* [INPUT FOR THIS TASK]:

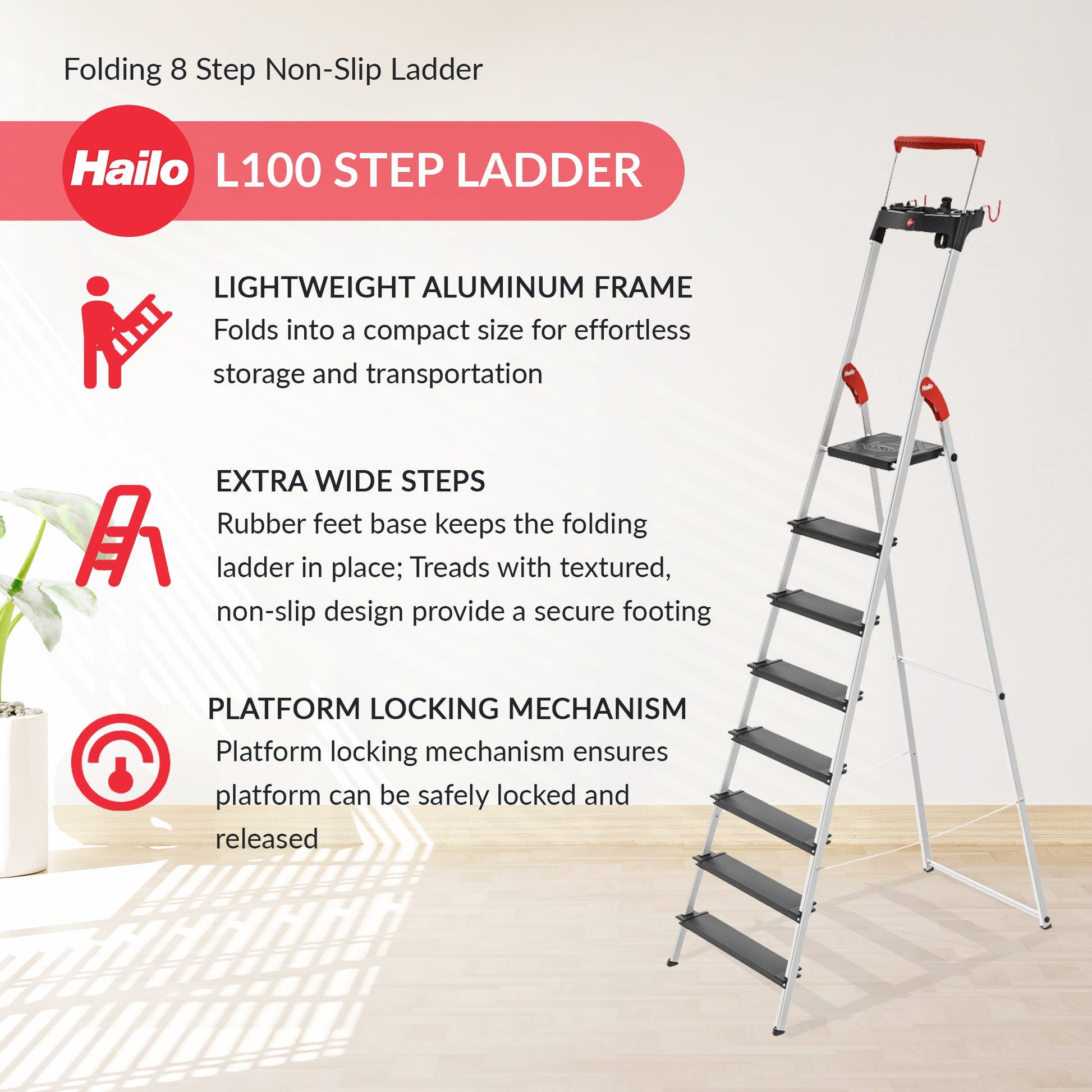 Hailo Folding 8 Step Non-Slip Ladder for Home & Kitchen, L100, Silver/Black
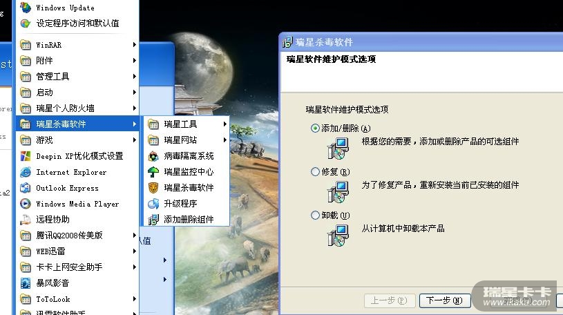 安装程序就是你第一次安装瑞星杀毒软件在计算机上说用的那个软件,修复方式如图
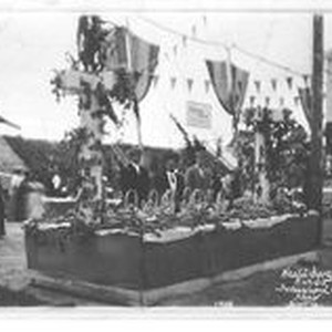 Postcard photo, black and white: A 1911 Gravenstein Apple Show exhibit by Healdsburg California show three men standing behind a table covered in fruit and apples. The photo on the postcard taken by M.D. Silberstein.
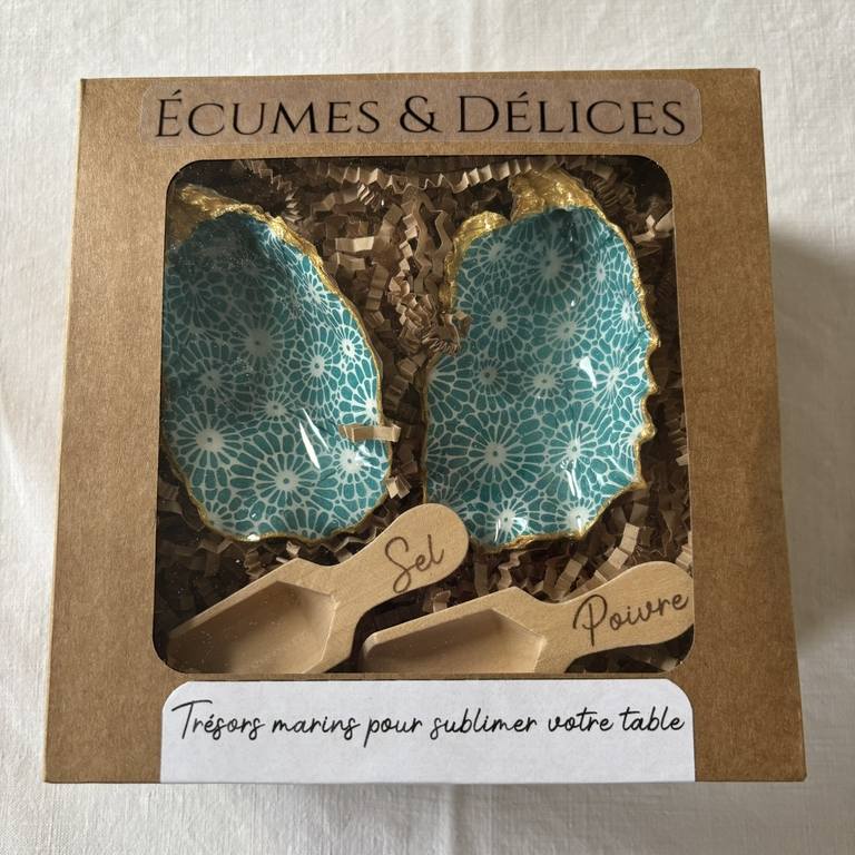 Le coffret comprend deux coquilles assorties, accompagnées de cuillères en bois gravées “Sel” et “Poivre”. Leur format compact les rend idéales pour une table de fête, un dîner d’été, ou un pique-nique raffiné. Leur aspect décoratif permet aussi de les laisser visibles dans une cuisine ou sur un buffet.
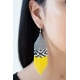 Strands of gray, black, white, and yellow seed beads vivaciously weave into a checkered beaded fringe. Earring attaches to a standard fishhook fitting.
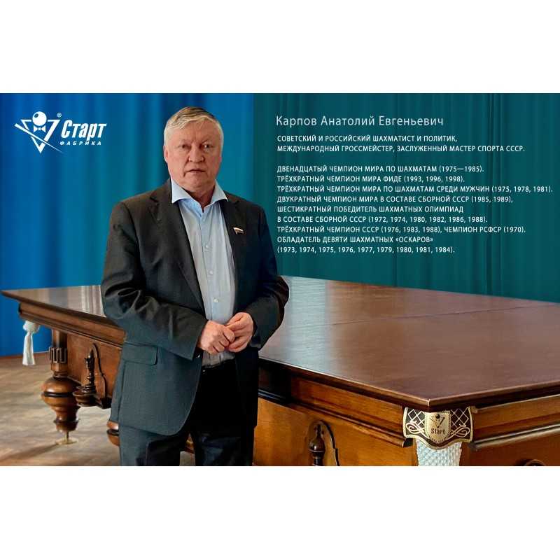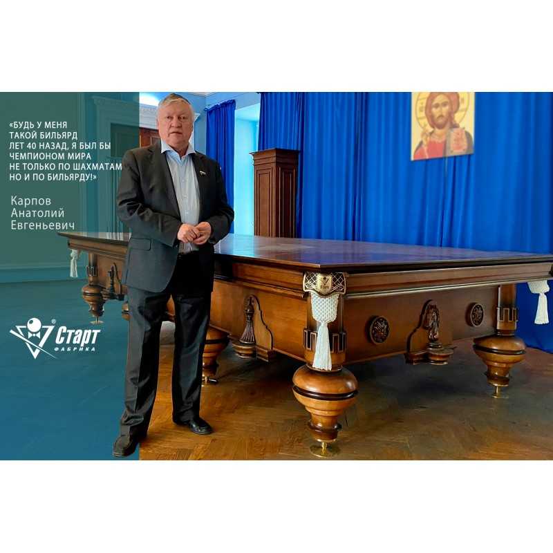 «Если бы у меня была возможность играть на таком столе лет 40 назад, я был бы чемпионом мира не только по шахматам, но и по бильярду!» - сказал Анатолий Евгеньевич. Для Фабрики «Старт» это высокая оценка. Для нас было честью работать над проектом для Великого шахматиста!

==

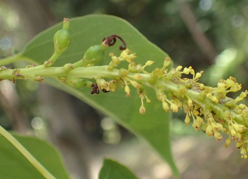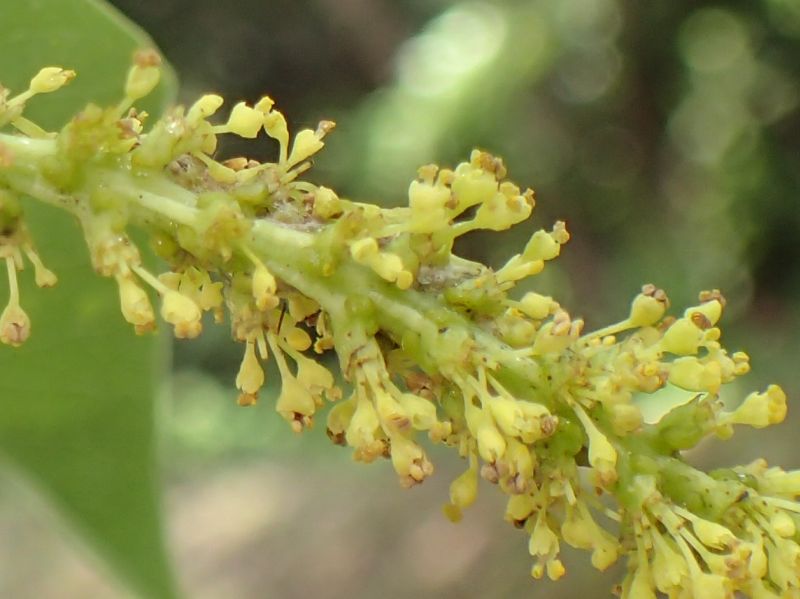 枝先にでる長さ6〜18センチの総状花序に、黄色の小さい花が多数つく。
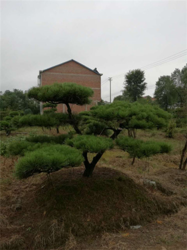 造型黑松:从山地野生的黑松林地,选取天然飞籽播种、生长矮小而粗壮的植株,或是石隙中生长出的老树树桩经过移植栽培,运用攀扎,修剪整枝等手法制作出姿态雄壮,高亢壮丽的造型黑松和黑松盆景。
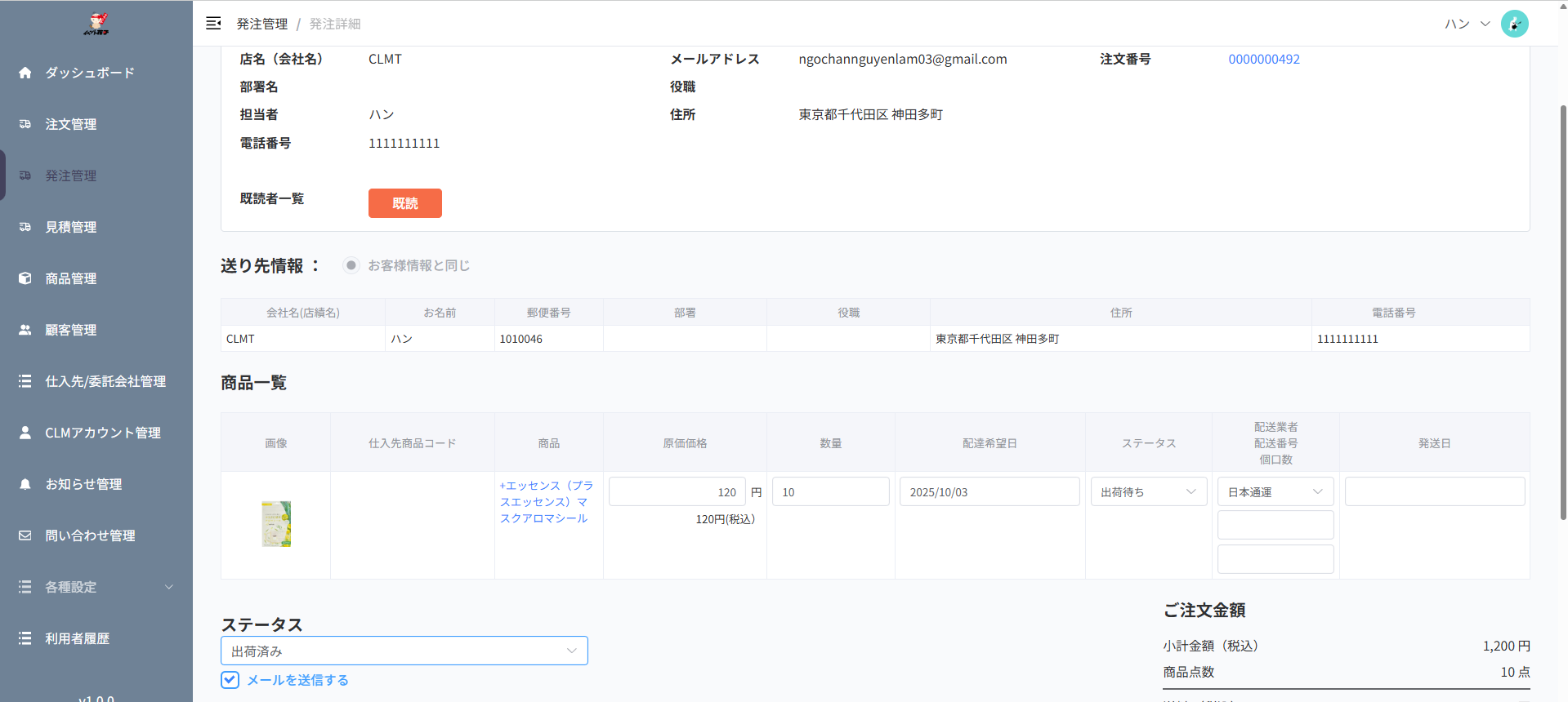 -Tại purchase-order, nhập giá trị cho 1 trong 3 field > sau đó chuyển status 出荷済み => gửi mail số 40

--

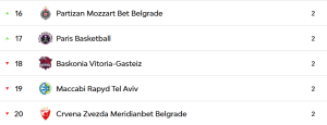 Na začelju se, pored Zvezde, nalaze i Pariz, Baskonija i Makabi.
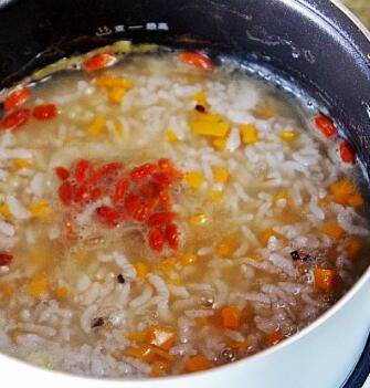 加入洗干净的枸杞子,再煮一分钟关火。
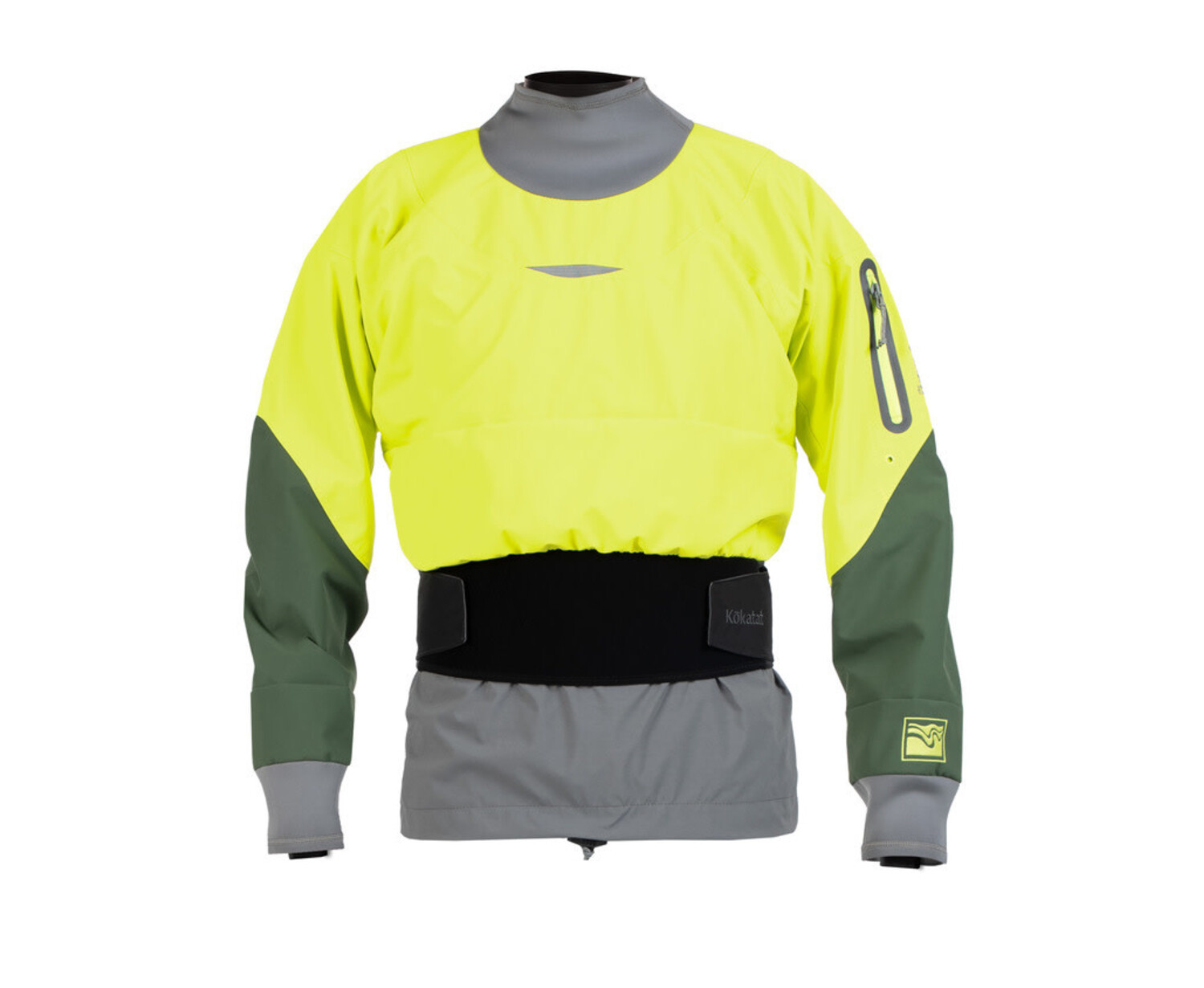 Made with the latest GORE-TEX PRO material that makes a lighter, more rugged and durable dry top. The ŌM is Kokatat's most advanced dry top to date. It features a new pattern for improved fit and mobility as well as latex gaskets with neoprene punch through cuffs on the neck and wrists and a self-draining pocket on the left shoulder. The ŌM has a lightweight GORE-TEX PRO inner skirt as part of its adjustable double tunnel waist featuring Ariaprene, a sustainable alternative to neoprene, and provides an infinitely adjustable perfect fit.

* [WORK ORDER]: Above are records; write out the lines from the one with "Le coffret comprend" down to the one with "для Великого шахматиста!", exactly, leaving the pictures out.

* [WORKED SOLUTION]:
 Le coffret comprend deux coquilles assorties, accompagnées de cuillères en bois gravées “Sel” et “Poivre”. Leur format compact les rend idéales pour une table de fête, un dîner d’été, ou un pique-nique raffiné. Leur aspect décoratif permet aussi de les laisser visibles dans une cuisine ou sur un buffet.
 Strands of gray, black, white, and yellow seed beads vivaciously weave into a checkered beaded fringe. Earring attaches to a standard fishhook fitting.
 «Если бы у меня была возможность играть на таком столе лет 40 назад, я был бы чемпионом мира не только по шахматам, но и по бильярду!» - сказал Анатолий Евгеньевич. Для Фабрики «Старт» это высокая оценка. Для нас было честью работать над проектом для Великого шахматиста!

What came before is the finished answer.